- TASK OBJECTIVE: Here are the records. Write out exactly the lines between the one holding "One of the most" and the one holding "クレハ環境 × エネット)", inclusive.

- INFORMATION PROVIDED:

* * * * * * * * *

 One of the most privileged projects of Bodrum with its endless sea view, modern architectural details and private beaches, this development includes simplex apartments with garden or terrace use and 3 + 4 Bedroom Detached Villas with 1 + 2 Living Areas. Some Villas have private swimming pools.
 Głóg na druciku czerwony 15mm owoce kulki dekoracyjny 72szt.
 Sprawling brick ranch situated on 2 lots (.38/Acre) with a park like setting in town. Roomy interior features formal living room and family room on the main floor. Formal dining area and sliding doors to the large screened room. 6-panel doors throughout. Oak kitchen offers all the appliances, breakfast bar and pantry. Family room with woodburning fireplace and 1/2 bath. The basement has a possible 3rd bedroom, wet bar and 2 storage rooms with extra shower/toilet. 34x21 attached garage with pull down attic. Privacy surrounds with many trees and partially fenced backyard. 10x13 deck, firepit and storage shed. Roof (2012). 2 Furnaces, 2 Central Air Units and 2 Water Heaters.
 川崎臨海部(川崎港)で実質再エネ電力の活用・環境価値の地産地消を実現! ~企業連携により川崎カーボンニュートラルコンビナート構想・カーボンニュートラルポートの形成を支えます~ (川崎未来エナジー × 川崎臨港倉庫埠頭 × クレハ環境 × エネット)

* * * * * * * * *

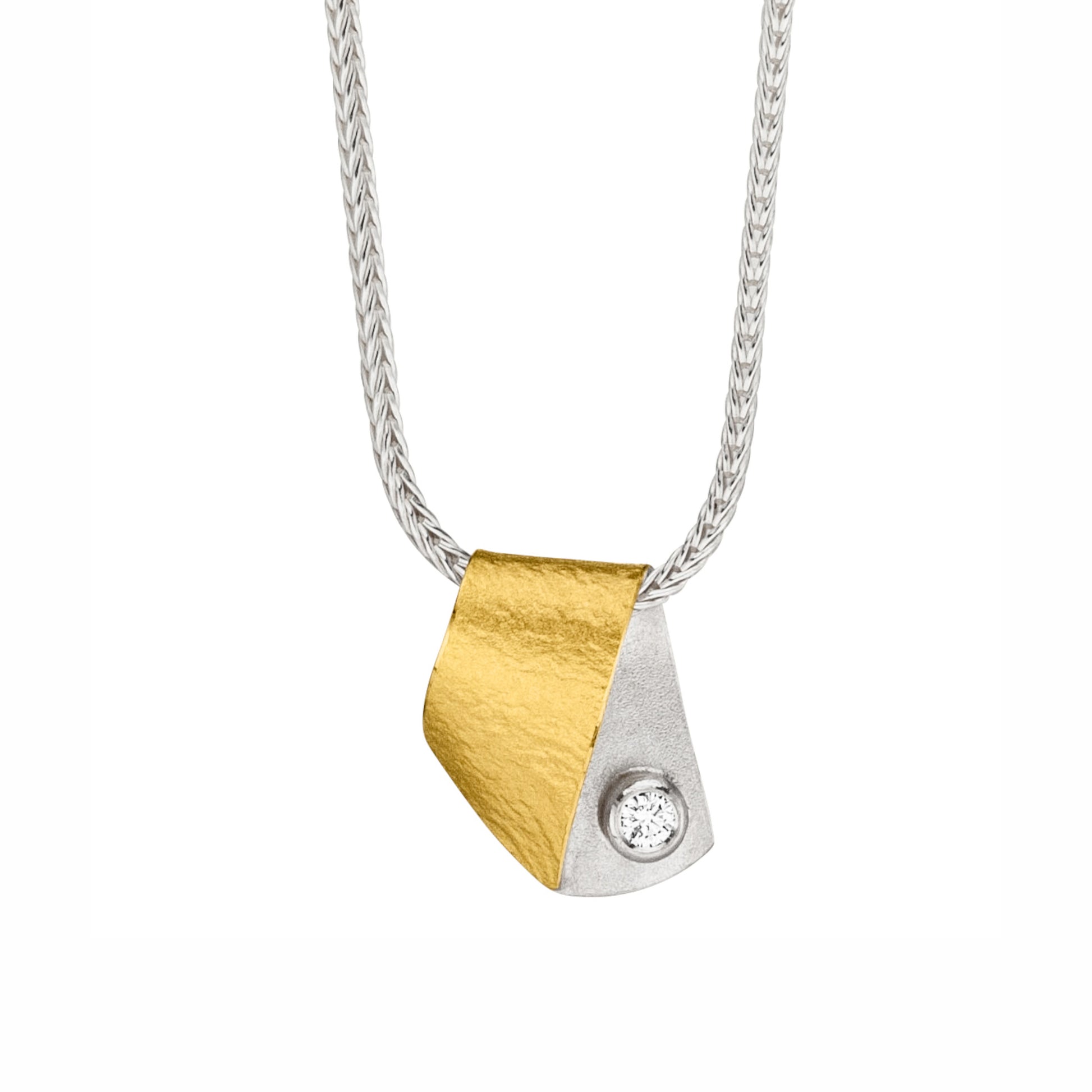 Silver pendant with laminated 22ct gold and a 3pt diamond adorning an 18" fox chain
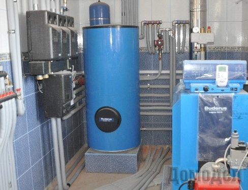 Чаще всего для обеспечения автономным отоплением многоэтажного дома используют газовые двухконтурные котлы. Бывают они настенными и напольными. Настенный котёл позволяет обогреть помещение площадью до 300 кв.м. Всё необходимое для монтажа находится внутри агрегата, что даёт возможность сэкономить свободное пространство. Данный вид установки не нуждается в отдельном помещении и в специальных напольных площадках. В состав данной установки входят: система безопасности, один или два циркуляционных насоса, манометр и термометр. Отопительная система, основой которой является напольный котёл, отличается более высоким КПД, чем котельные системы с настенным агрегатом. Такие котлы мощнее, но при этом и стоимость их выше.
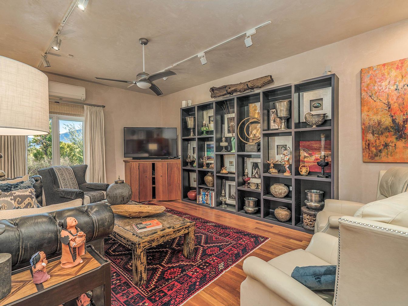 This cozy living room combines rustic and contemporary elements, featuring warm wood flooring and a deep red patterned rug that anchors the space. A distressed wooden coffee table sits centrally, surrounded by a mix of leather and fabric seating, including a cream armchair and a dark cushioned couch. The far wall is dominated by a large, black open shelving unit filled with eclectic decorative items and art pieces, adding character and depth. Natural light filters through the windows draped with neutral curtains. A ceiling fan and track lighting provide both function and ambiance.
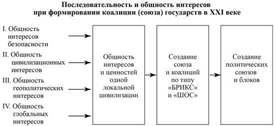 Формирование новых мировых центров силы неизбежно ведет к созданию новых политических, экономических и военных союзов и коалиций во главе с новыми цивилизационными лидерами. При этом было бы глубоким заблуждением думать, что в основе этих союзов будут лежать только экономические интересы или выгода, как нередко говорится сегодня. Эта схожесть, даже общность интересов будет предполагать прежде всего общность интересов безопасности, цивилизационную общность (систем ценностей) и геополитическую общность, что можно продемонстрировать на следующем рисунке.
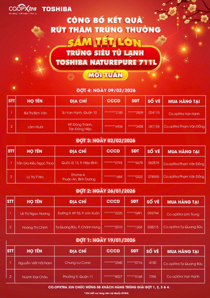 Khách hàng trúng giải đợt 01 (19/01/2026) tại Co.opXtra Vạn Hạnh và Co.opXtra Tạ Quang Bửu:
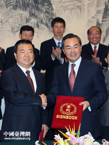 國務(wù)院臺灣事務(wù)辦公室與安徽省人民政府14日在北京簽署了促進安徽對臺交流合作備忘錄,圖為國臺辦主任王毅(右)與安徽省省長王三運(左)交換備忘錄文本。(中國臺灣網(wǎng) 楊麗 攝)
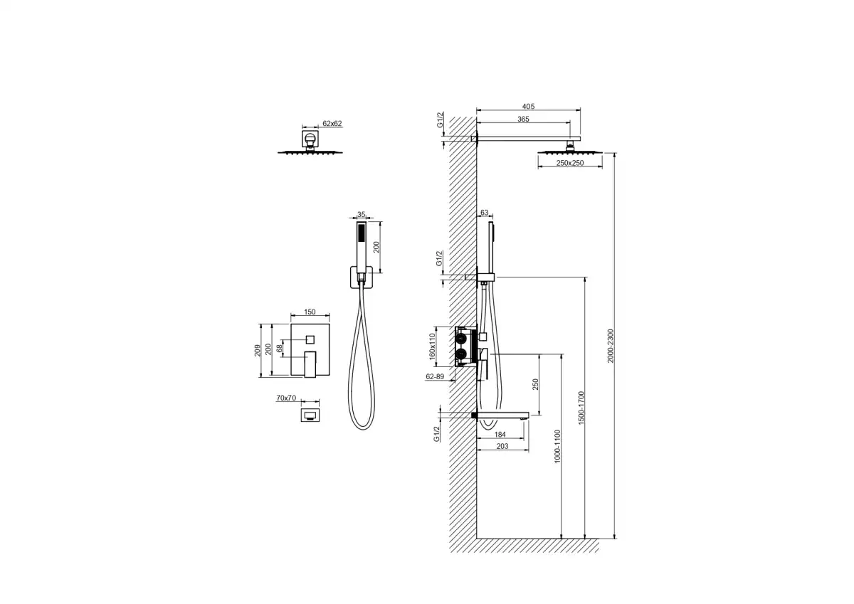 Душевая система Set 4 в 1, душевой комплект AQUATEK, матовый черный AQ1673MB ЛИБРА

* * * * * * * * *

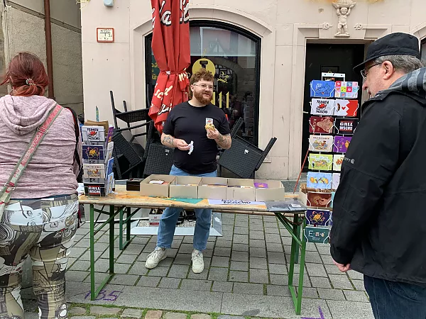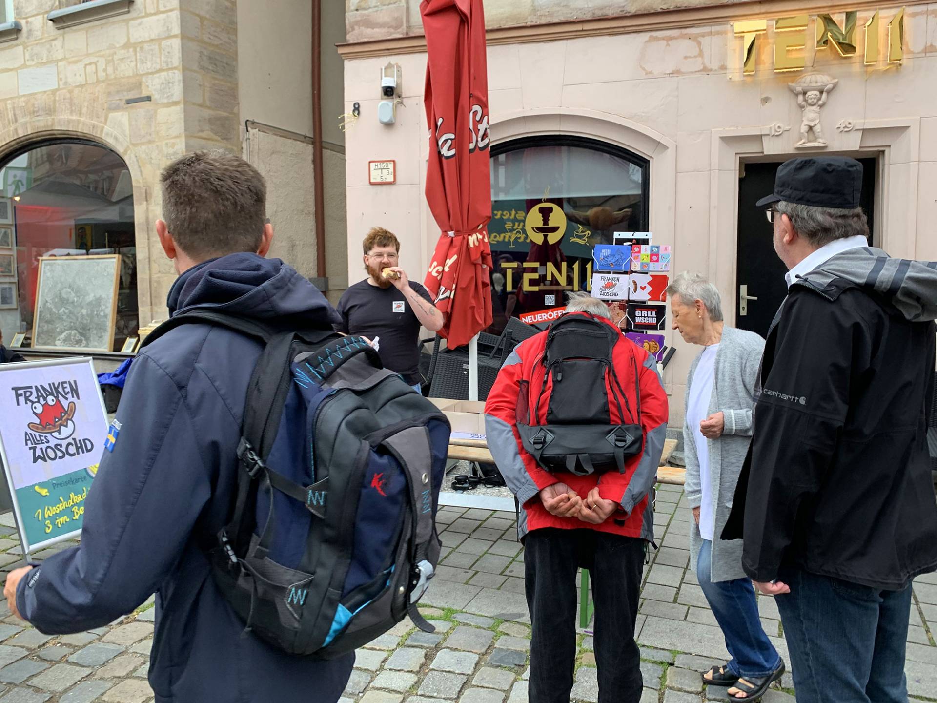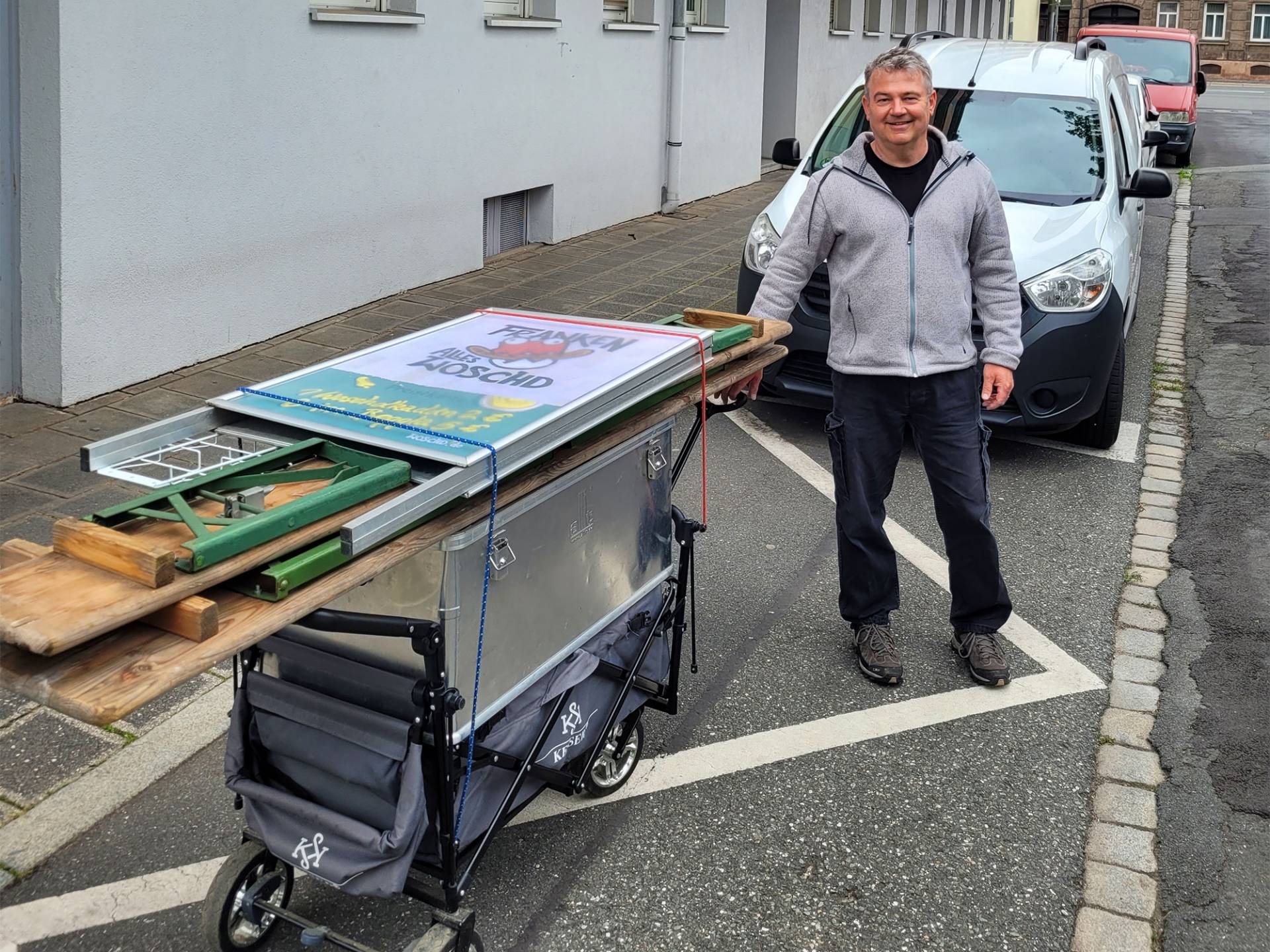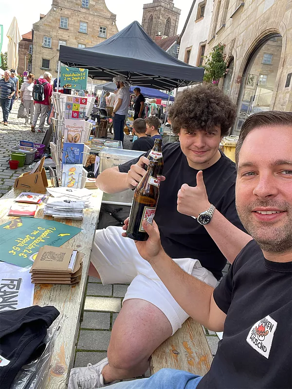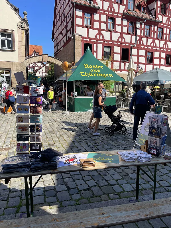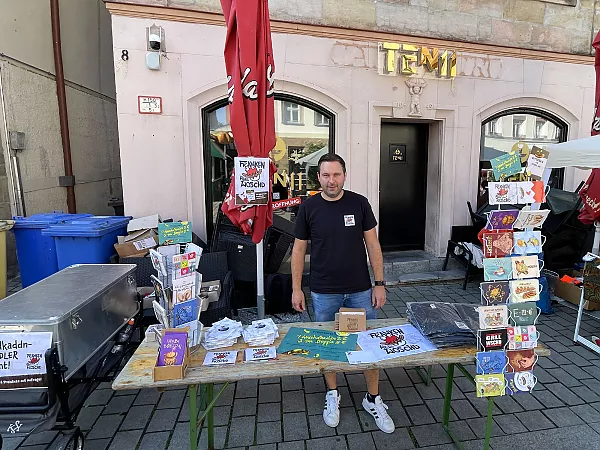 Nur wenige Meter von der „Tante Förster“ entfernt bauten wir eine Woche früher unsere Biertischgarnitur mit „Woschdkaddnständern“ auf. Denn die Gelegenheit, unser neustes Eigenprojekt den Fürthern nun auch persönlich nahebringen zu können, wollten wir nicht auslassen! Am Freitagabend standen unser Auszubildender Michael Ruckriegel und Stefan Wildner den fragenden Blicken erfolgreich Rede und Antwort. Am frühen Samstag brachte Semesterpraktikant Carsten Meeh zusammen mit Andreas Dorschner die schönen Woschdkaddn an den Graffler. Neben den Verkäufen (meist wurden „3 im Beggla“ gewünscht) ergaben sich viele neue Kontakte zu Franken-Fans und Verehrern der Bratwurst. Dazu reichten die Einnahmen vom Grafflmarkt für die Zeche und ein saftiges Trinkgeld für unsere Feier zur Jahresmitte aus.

* * * * * * * * *

- SOLUTION:
 One of the most privileged projects of Bodrum with its endless sea view, modern architectural details and private beaches, this development includes simplex apartments with garden or terrace use and 3 + 4 Bedroom Detached Villas with 1 + 2 Living Areas. Some Villas have private swimming pools.
 Głóg na druciku czerwony 15mm owoce kulki dekoracyjny 72szt.
 Sprawling brick ranch situated on 2 lots (.38/Acre) with a park like setting in town. Roomy interior features formal living room and family room on the main floor. Formal dining area and sliding doors to the large screened room. 6-panel doors throughout. Oak kitchen offers all the appliances, breakfast bar and pantry. Family room with woodburning fireplace and 1/2 bath. The basement has a possible 3rd bedroom, wet bar and 2 storage rooms with extra shower/toilet. 34x21 attached garage with pull down attic. Privacy surrounds with many trees and partially fenced backyard. 10x13 deck, firepit and storage shed. Roof (2012). 2 Furnaces, 2 Central Air Units and 2 Water Heaters.
 川崎臨海部(川崎港)で実質再エネ電力の活用・環境価値の地産地消を実現! ~企業連携により川崎カーボンニュートラルコンビナート構想・カーボンニュートラルポートの形成を支えます~ (川崎未来エナジー × 川崎臨港倉庫埠頭 × クレハ環境 × エネット)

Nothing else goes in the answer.